NESSUN RUMORE. Non un grido, non un lamento udibile dagli altri ospiti della struttura. Nessun segno di colluttazione, nulla era fuori posto. Un dramma consumatosi nel silenzio, lo stesso silenzio a cui si costringeva Giuliano Modolo, muratore, una vita da emigrante, un’esistenza di sacrifici con solo alcuni, semplici obiettivi: ritornare a Polcenigo e vivere con serenità gli ultimi anni della sua vita nella casa che, con sudore, sacrificio e lacrime, aveva costruito; garantire un futuro al figlio, l’unico figlio, gioia e dolore della sua vita.
I PERCHÉ. I sogni, le speranze, il futuro erano scomparsi.
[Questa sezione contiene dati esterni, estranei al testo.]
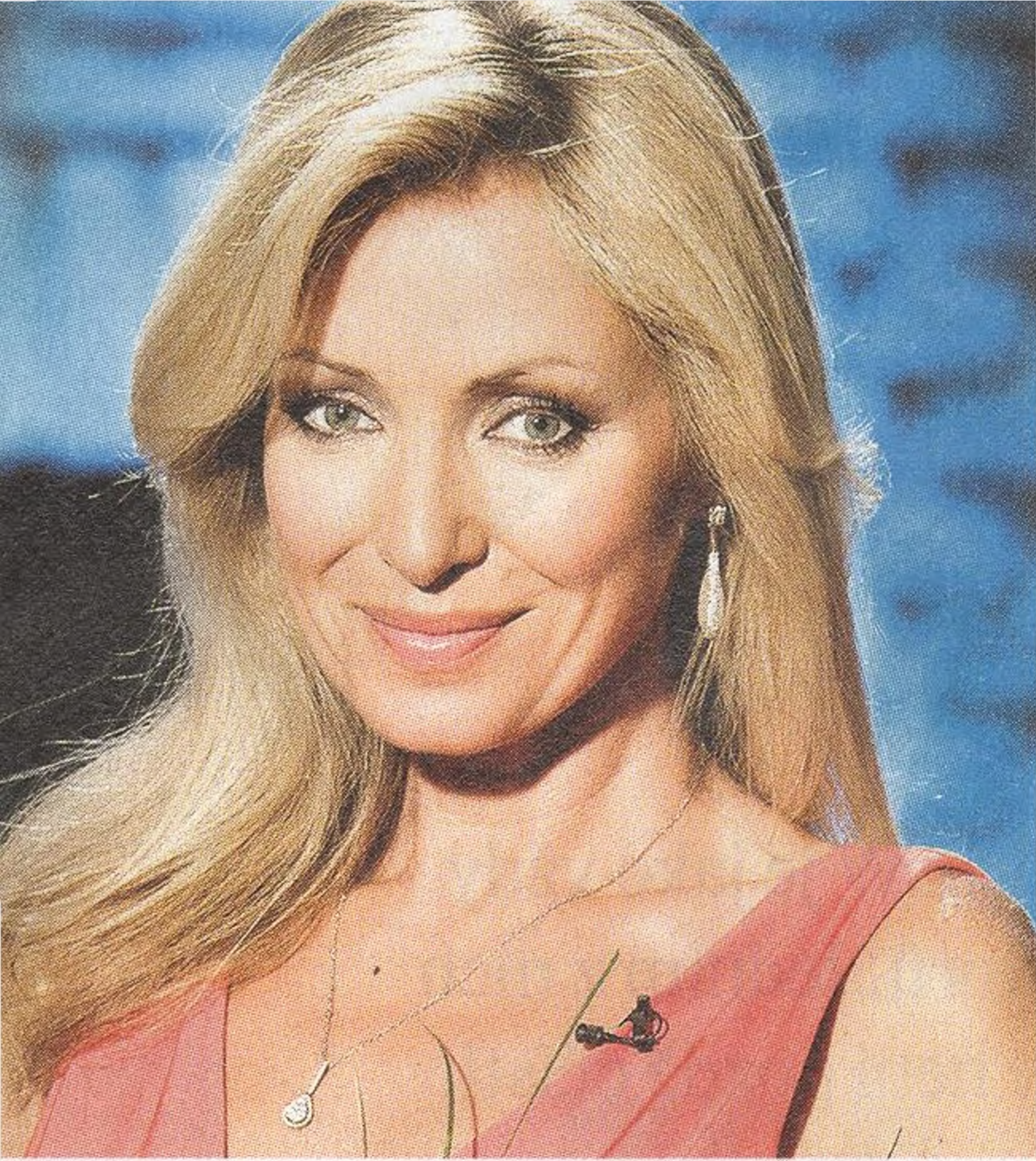
KATEŘINA BROŽOVÁ herečka a zpěvačka
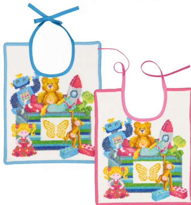
TOY BOX 2.0 Gesichtstuch, Lätzchen face cloth, bib Farben: aqua, pink colours: aqua, pink
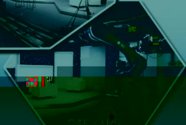
影视多媒体专业实习工坊
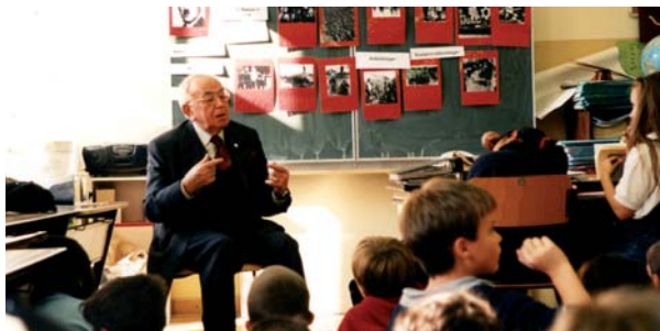
Leon Zelman (1928–2007) im Dialog mit Alt und Jung

Service unter anderem auch bei der Kontaktaufnahme zu Behörden und jüdischen Organisationen sowie bei der Spurensuche nach der eigenen Familiengeschichte.
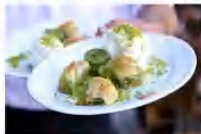
ชิมไอศกรีมตุรกีต้นกำเนิด Nemrut Mountain
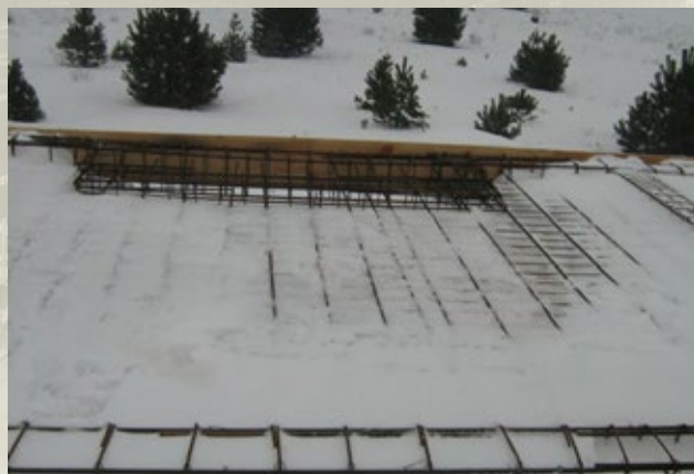
Rys. 2. Błędy zabudowy mieszanki betonowej – oblodzone zbrojenie

Stosowanie kombinacji domieszek (przyspieszających, redukujących ilość wody) pozwala na optymalne dostosowanie właściwości mieszanki betonowej i betonu do warunków otoczenia w trakcie wykonywania prac budowlanych. Bardzo ważne jest odpowiednie przygotowanie procesu betonowania, grunt, podbudowa, deskowanie, podobnie jak zbrojenie, nie mogą być pokryte warstwą śniegu lub lodu (rys. 2). Zamarznięta na powierzchni deskowania lub zbrojenia woda, wpływa na lokalne zmiany współczynnika w/c, a tym samym pogarsza właściwości betonu. Grunt lub deskowanie powinno mieć temperaturę, która nie spowoduje zamarzania młodego betonu przed osiągnięciem przez niego wytrzymałości, zapewniającej odporność na zamarzanie. Podczas układania betonu zaleca się ponadto jego ochronę przed opadami atmosferycznymi.
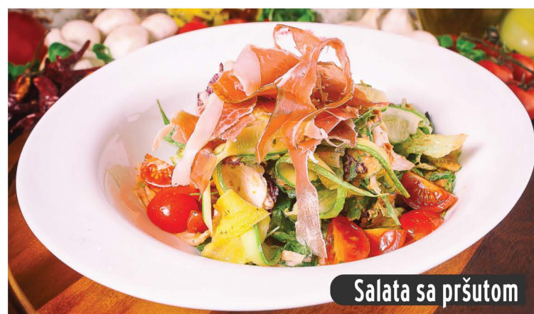
Salata sa pršutom
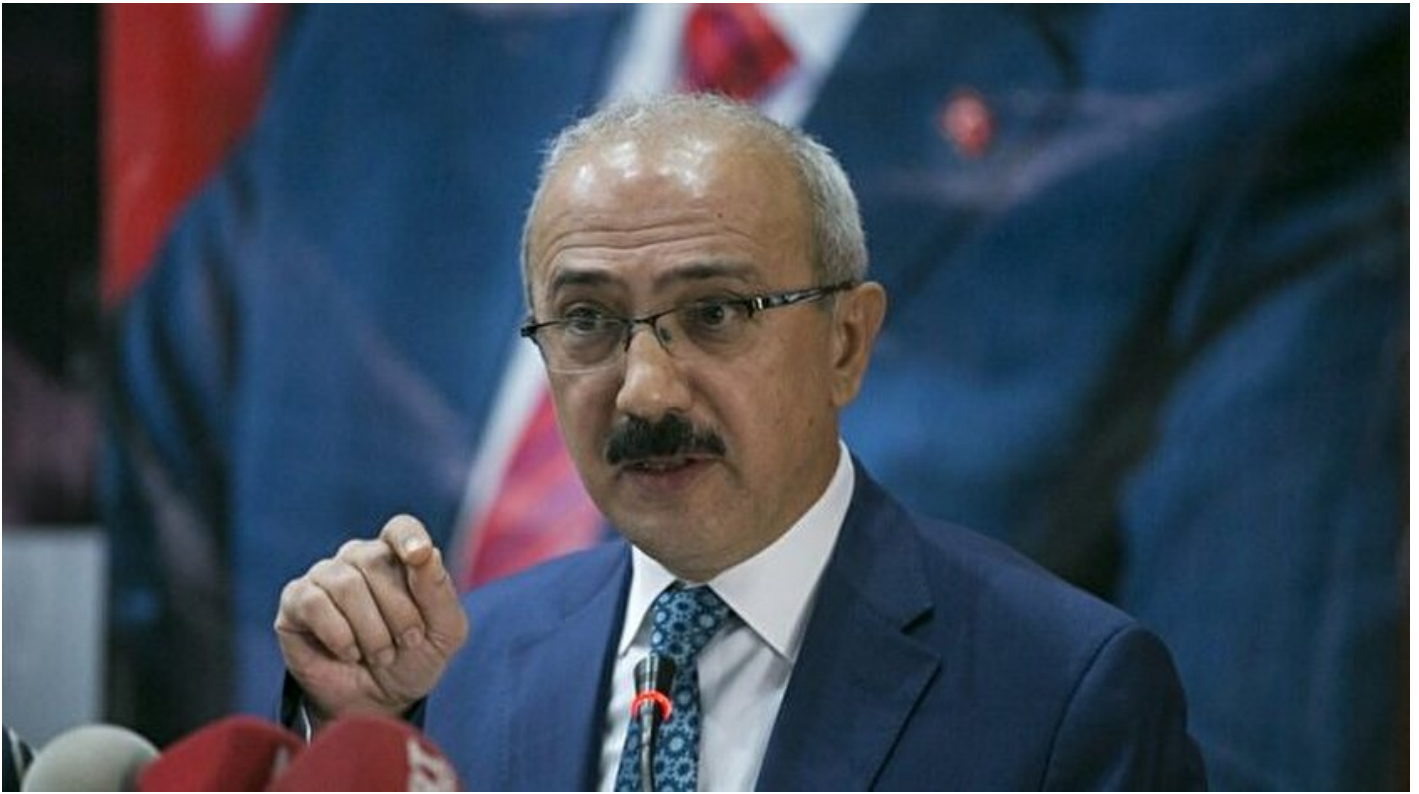
Kalkınma Bakanı Lütfi Elvan

Haber Merkezi · 20 Kasım 2016, 17:16 · Son Güncelleme: 20 Kasım 2016, 17:28 · AA
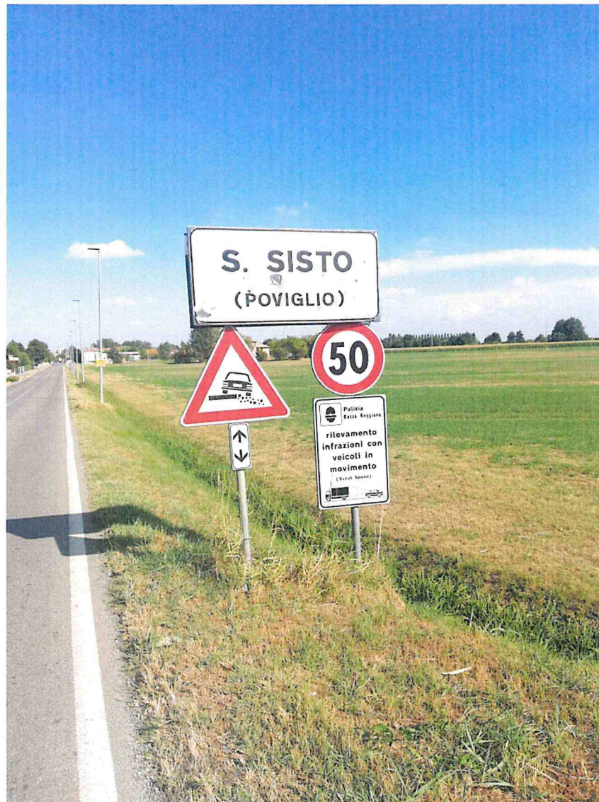
3. VIA PARMA (SP20) KM 2+800 DIR. POVIGLIO
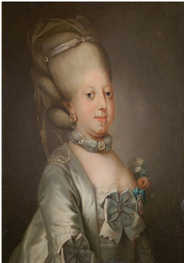
Dronning Caroline Mathilde. Maleri af Peder Als (u. årstal).

Museum Nordsjælland planlægger at etablere et nyt museum i Hørsholm, som tager udgangspunkt i de begivenheder, der udspillede sig i og omkring det nu nedrevne Hirschholm Slot. Der er tale om en langsigtet strategi, som ud over udstillinger inddrager slottets stadig eksisterende have og produktionsbygninger samt Danmarks ældste frihedsstøtte. Nærværende projekt er derfor tænkt som et udviklingsprojekt, hvis grundlæggende formål er at generere ny forskningsbaseret viden om Museum Nordsjællands samlinger samt geografiske og tematisk-kronologiske ansvarsområde. Resultaterne heraf vil danne udgangspunkt for formidlingen i det nye museum.

Se n’erano andati con la casa, venduta per pagare i debiti contratti dal figlio; con il denaro, che non avevano più; con l’umiliazione di un fallimento; con l’impossibilità di pagare la pure modesta retta richiesta per poter dormire alla Madonna Pellegrina (20 euro il giorno per ciascuno). La settimana scorsa il figlio aveva consegnato un assegno di 8 mila euro per saldare il debito con la Casa, un assegno respinto perché scoperto e nonostante questo gli amministratori avevano deciso di non “infierire”, proseguendo con il sostentamento e non facendo cadere in protesto il documento contabile.
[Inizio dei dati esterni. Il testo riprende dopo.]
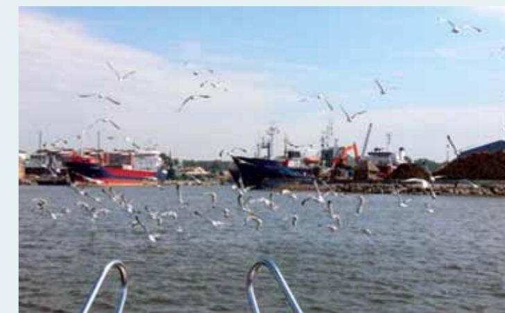
Kuģi Salacgrīvas ostā

Baltijas jūra ir viena no pasaulē visnoslogotākajām jūrām kuģu satiksmē. Pēdējo 10-20 gadu laikā būtiski palielinājies gan kuģu skaits, gan to lielums. Īpaši tas attiecas uz naftas tankkuģiem, un ir paredzams, ka nākotnē šī tendence pieaugs vēl vairāk.
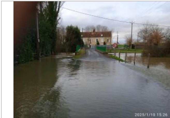
Passage pêcheur en Y à droite du panneau "non prioritaire" / vue large depuis la D16
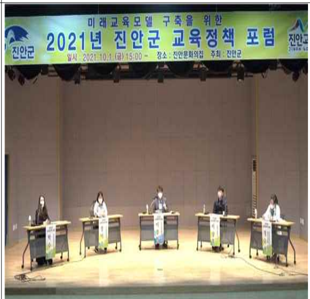
교육정책 포럼 개최(10.1.)
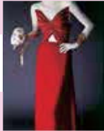
《森のあいドレス》1990年春夏 島根県立石見美術館蔵

日本人として世界を舞台に活躍したファッション・デザイナー、森英恵。本展では華やかなオートクチュール作品を中心に、舞台衣裳や映画衣裳、制服まで、幅広い仕事を一堂に紹介します。
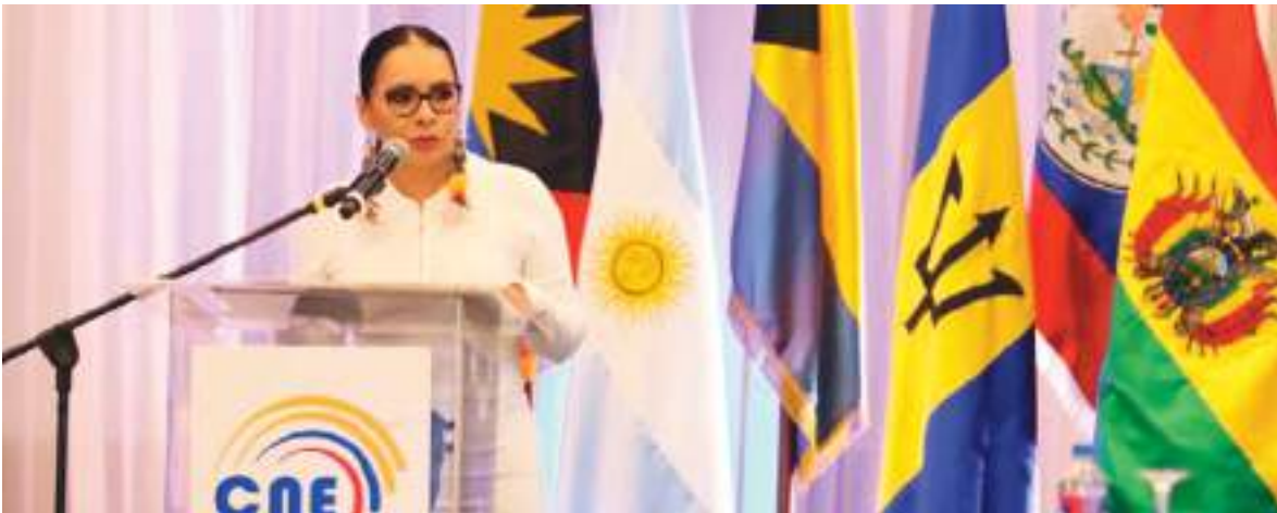
La presidenta del CNE, Diana Atamaint, enfrenta un importante compromiso de mantener la transparencia.

"anticorreísmo", es decir al conservadurismo ecuatoriano. Sin embargo, también podría afectar a los seguidores moderados de Noboa que si bien han votado contra el correísmo, no se alistan en la matriz trumpista. Esto, recordando que el joven empresario ganó en 2023 declarándose de "centroizquierda".
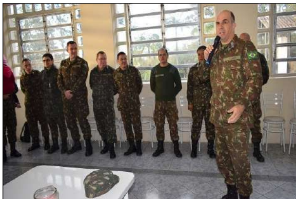
Palavras do Chefe do 1º CGEO

No dia 27 de junho, o 1º CGEO realizou um café da manhã em homenagem aos militares dos Efetivos Variável e Profissional que aniversariam no mês de junho do corrente ano.
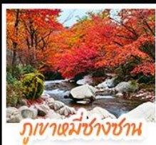
ภูเขาหมื่นชางซาน
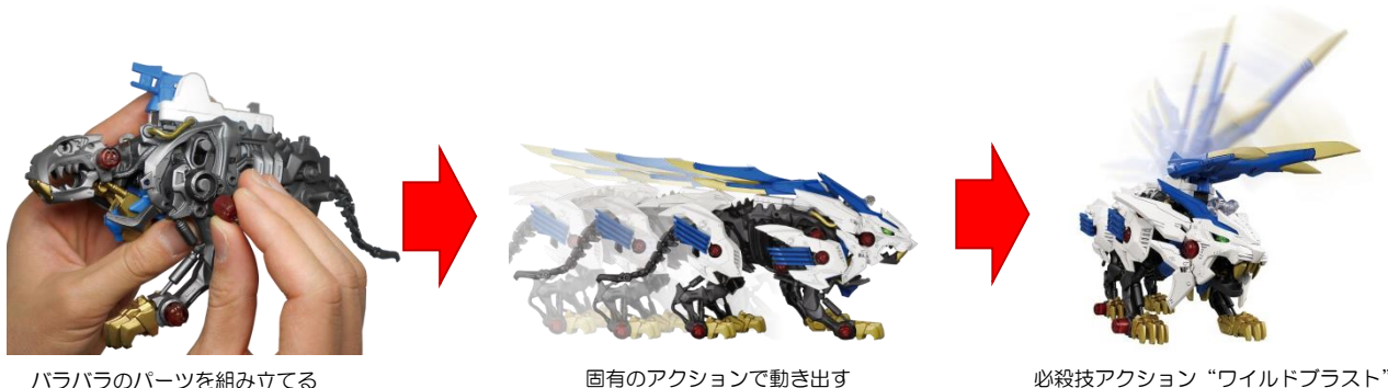
バラバラのパーツを組み立てる
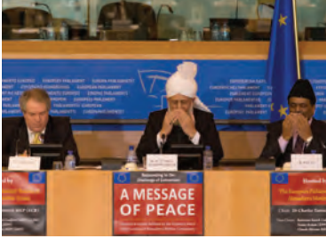
یورپی پارلیمنٹ میں تقریب کے اختتام پر حضور انور دعا کروا رہے ہیں آپ کے دائیں طرف برطانیہ سے یورپی پارلیمنٹ کے رکن ڈاکٹر چارلس ٹانک اور بائیں طرف امیر جماعت برطانیہ بیٹھے ہیں
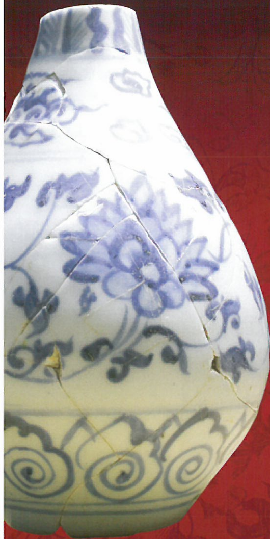
せいかにびん 中国産青花瓶
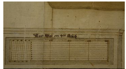
Plan Stettlergut, 1728, restauriert 2008
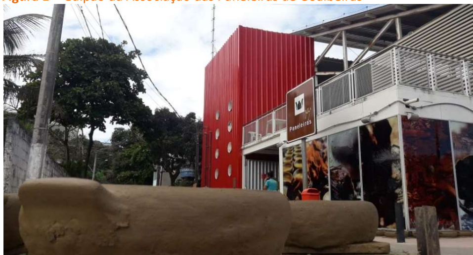
Figura 1 – Galpão da Associação das Panelleiras de Goiabeiras

«Forse non era così in discesa la loro vita», commenta un inquirente. Anzi, era un ostacolo dietro l’altro, una fatica sopra l’altra. Insopportabile per un uomo che aveva sacrificato già così tanto e che ora aveva solo gli occhi per piangere.
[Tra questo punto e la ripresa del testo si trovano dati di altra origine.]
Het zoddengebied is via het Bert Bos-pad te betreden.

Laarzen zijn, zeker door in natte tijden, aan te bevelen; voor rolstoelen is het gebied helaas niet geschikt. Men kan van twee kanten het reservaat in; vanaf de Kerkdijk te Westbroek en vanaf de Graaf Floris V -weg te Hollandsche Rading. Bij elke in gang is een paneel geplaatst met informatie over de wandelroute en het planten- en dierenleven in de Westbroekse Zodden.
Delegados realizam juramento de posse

GESTO D’AMORE. Il presente gli era insopportabile e il futuro nemmeno immaginabile. E così ha pianificato la fine. La sua e delle persone che più gli erano care: la moglie, che per aiutarlo faceva pulizie in alcune abitazioni, e il figlio. Quel figlio di 38 anni che gli aveva dato tanto e preso ancora di più, e che – forse, nella sua mente – non sarebbe mai stato in grado di reggersi sulle proprie gambe.
Non ha lasciato biglietti d’addio, Giuliano Modolo. Nessuna spiegazione sui “perché” del gesto, del resto quale “perché” può giustificare due omicidi? Gli inquirenti, sul posto sono giunti gli uomini del Nucleo investigativo dei carabinieri con il capitano Pierluigi Grosseto, e della Compagnia di Pordenone con il capitano Andrea Manti, hanno ricostruito la dinamica dei fatti, ma occorrerà attendere il rapporto del medico legale e, forse, l’autopsia per sciogliere gli ultimi dubbi. IL MAGISTRATO. Il sostituto procuratore, Monica Carraturo, deciderà oggi se conferire l’incarico per procedere con le autopsie, o se riterrà sufficienti le conclusioni preliminari degli esperti dell’Azienda sanitaria che a lungo ieri hanno esaminato i corpi prima di consentire che venissero rimossi dalla stanza e trasferiti nella camera mortuaria dell’ospedale di Pordenone per la ricognizione esterna. Ma è probabile che solo l’autopsia e ulteriori analisi chiariscano, ad esempio, se madre e figlio fossero stati profondamente sedati con l’utilizzo di un sonnifero. L’anatomopatologo potrebbe anche ricavare elementi utili a stabilire l’ora del decesso e con quale scansione temporale il padre abbia agito sulla moglie e sul figlio.